In the material below, pictures must be dropped. Repeat exactly, and only, the lines from the line with "Matouk's Bergamo is" to the line with "إذا كان أكثر", both ends included.
RECORDS SUPPLIED START
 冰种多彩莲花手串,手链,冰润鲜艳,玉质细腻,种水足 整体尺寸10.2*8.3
RECORDS SUPPLIED END
RECORDS SUPPLIED START
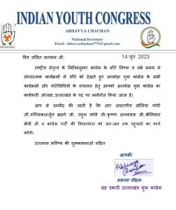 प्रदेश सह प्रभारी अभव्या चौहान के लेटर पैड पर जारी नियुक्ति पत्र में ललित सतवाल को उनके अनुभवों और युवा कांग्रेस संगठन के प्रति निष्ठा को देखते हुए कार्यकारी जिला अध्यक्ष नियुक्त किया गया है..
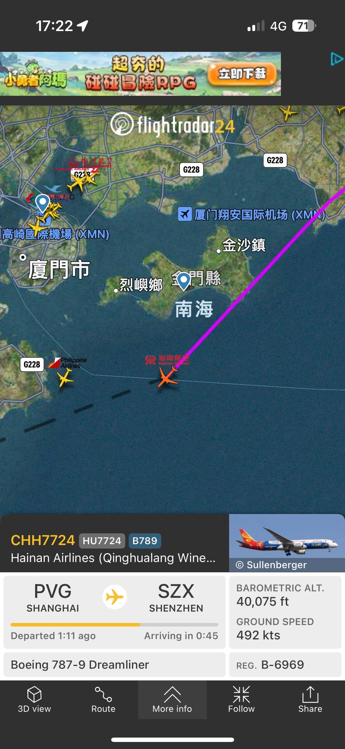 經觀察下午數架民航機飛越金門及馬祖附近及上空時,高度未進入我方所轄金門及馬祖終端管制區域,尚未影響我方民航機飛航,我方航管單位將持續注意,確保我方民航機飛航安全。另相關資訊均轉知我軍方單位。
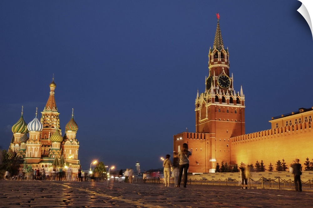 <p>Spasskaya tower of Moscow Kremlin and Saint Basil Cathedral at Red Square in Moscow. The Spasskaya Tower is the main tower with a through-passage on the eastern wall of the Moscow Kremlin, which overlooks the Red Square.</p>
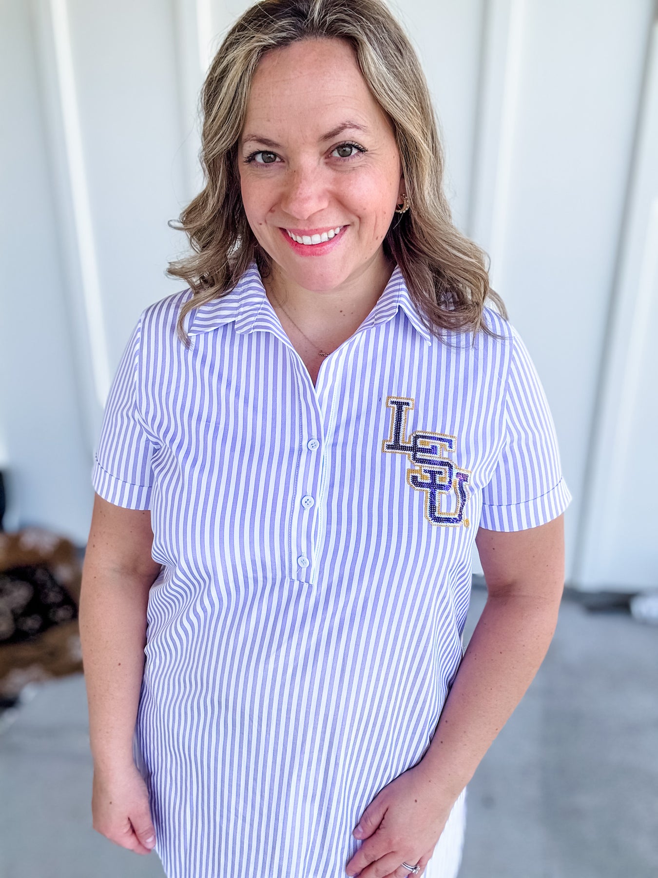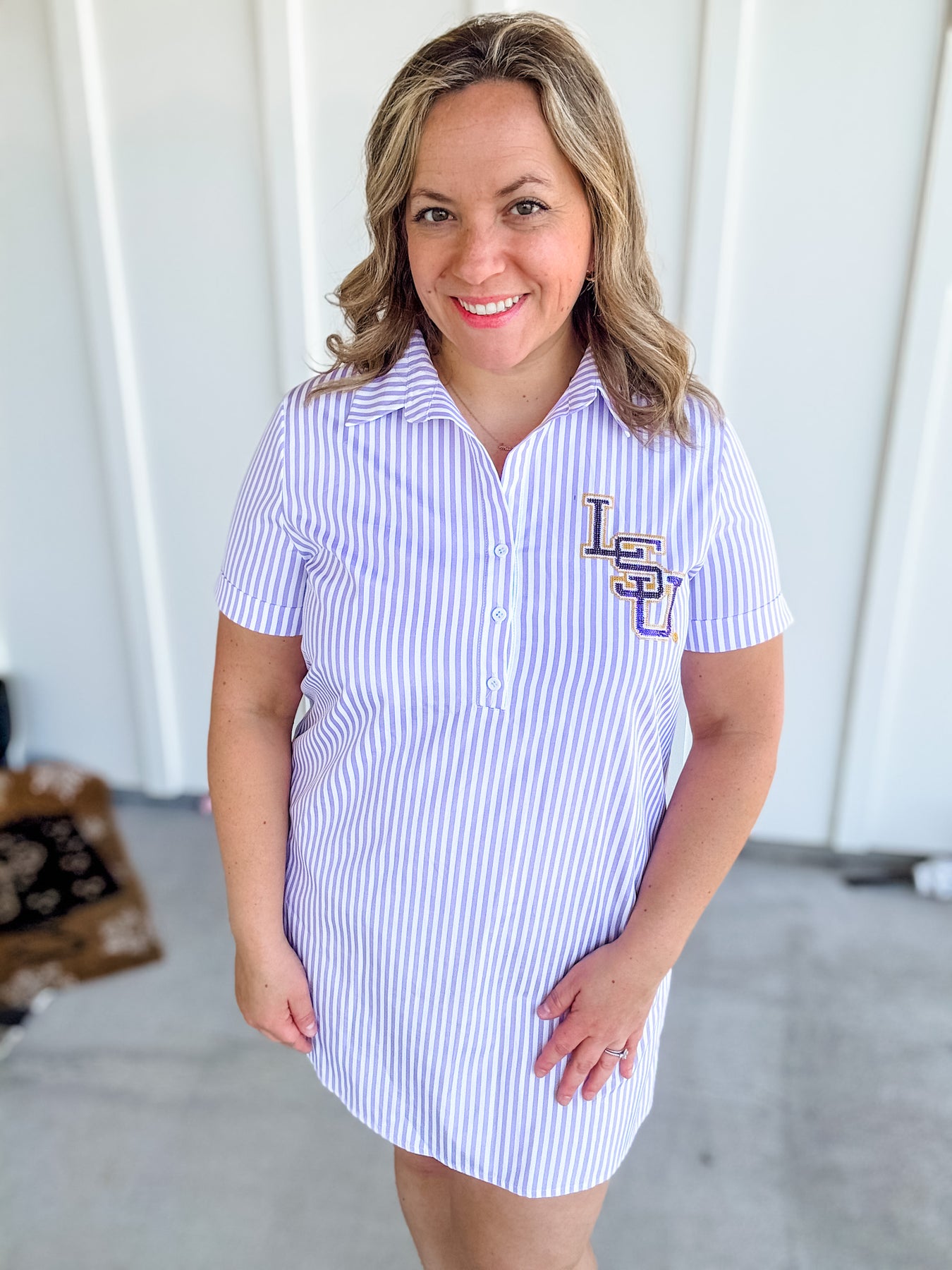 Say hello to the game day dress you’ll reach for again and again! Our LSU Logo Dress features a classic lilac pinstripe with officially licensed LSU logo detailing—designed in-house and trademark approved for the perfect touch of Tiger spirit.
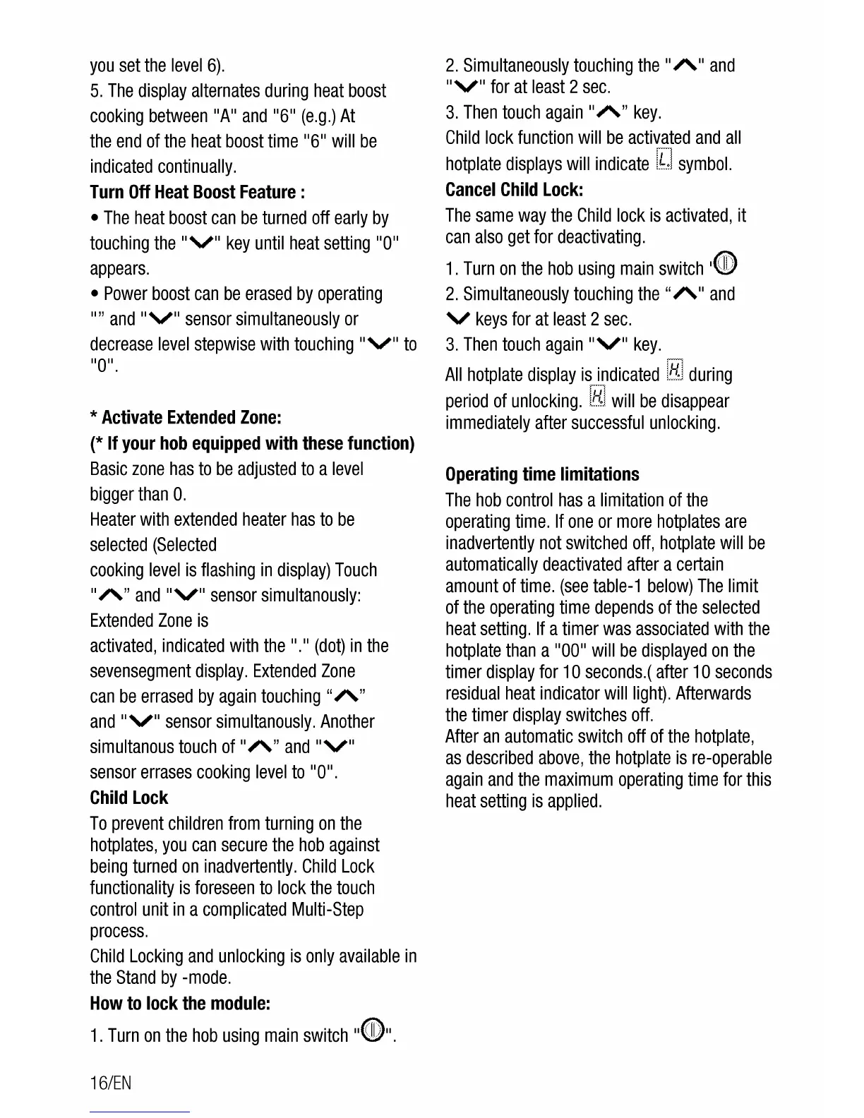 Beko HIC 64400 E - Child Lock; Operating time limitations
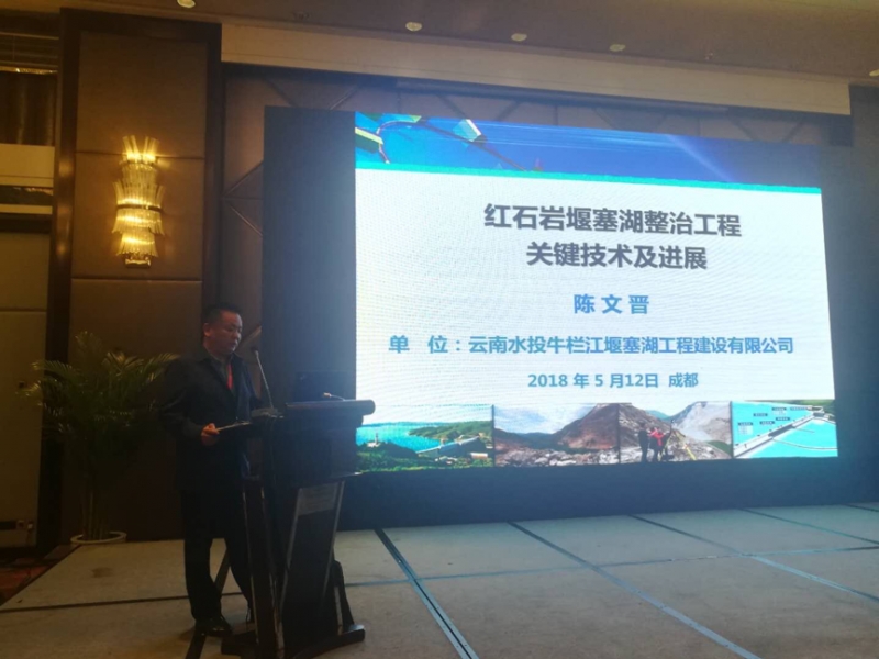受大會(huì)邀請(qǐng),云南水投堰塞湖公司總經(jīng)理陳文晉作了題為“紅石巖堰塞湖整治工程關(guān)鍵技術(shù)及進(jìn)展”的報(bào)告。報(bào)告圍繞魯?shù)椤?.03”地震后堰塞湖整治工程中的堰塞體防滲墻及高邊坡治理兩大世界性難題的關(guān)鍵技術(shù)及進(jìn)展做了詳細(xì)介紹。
RECORDS SUPPLIED END
RECORDS SUPPLIED START
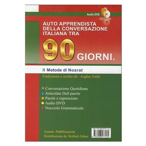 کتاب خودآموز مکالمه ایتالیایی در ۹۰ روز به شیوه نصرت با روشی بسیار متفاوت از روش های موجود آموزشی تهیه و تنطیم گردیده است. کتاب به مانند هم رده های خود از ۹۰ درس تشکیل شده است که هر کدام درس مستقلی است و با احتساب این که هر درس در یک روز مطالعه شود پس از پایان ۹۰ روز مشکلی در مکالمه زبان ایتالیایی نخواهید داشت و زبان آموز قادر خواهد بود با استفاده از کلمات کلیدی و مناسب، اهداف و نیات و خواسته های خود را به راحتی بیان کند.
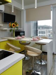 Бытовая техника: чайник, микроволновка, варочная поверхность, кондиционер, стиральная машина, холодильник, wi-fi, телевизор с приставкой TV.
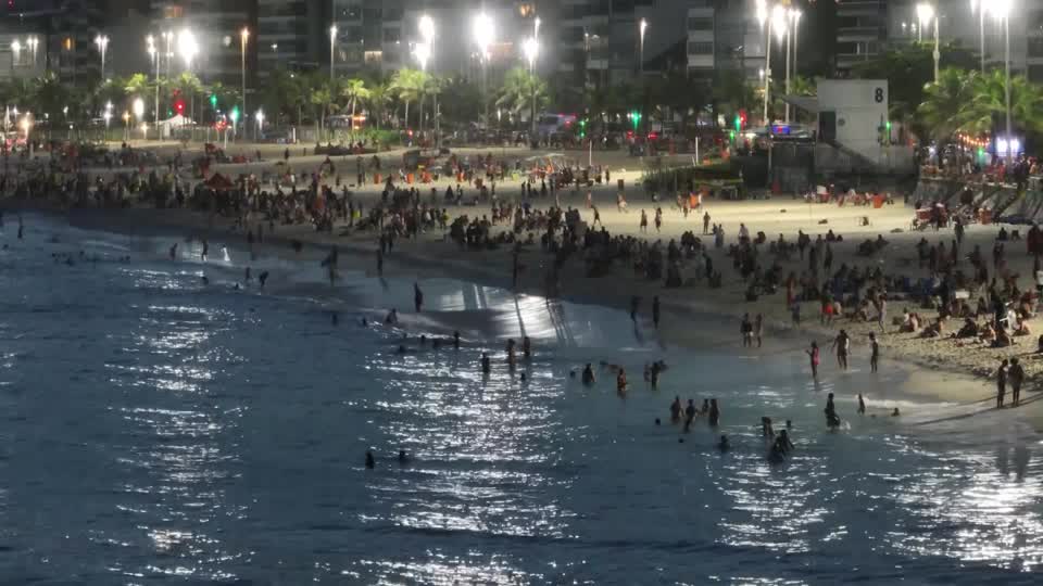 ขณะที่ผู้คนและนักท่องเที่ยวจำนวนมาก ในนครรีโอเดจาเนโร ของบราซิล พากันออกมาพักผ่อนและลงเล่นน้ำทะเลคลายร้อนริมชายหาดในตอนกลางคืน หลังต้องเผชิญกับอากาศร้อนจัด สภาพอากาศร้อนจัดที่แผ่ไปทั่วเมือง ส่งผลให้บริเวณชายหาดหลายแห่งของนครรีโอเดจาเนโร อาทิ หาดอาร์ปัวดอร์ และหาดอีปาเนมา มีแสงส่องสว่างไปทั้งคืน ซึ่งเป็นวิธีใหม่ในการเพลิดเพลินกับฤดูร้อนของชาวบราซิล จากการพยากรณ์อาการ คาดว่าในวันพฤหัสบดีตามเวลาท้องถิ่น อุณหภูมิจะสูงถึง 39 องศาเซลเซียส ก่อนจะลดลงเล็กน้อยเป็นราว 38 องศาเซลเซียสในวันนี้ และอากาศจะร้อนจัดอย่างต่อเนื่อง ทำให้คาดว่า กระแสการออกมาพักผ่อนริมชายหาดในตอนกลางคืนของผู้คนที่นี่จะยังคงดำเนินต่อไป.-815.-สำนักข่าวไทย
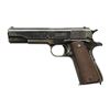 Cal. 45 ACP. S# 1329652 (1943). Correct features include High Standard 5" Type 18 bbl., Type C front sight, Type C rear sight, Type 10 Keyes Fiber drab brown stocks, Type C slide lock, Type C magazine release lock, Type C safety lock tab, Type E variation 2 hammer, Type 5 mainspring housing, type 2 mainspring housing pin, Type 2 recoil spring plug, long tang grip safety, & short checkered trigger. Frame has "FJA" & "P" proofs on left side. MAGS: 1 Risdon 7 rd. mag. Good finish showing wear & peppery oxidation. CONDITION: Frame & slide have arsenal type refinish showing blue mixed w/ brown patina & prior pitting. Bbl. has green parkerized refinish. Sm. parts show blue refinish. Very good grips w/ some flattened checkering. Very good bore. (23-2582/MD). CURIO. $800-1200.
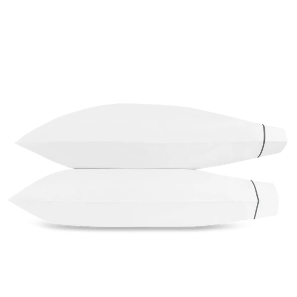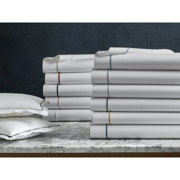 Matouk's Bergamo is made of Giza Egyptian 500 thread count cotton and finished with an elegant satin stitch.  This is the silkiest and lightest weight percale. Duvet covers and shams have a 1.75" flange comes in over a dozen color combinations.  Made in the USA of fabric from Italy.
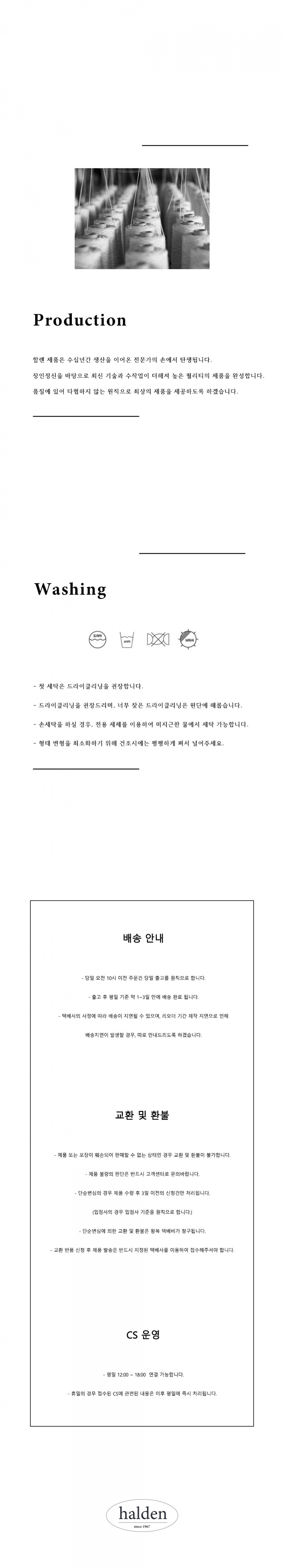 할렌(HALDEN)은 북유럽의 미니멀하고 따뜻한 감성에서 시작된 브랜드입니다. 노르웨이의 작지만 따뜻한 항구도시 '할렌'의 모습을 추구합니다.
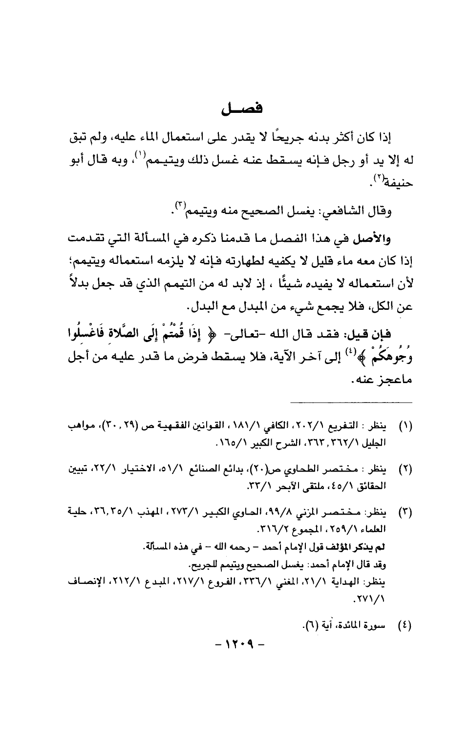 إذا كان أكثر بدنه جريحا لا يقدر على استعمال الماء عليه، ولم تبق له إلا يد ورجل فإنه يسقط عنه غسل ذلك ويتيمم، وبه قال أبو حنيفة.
RECORDS SUPPLIED END
ANSWER BOX:
 Matouk's Bergamo is made of Giza Egyptian 500 thread count cotton and finished with an elegant satin stitch.  This is the silkiest and lightest weight percale. Duvet covers and shams have a 1.75" flange comes in over a dozen color combinations.  Made in the USA of fabric from Italy.
 할렌(HALDEN)은 북유럽의 미니멀하고 따뜻한 감성에서 시작된 브랜드입니다. 노르웨이의 작지만 따뜻한 항구도시 '할렌'의 모습을 추구합니다.
 إذا كان أكثر بدنه جريحا لا يقدر على استعمال الماء عليه، ولم تبق له إلا يد ورجل فإنه يسقط عنه غسل ذلك ويتيمم، وبه قال أبو حنيفة.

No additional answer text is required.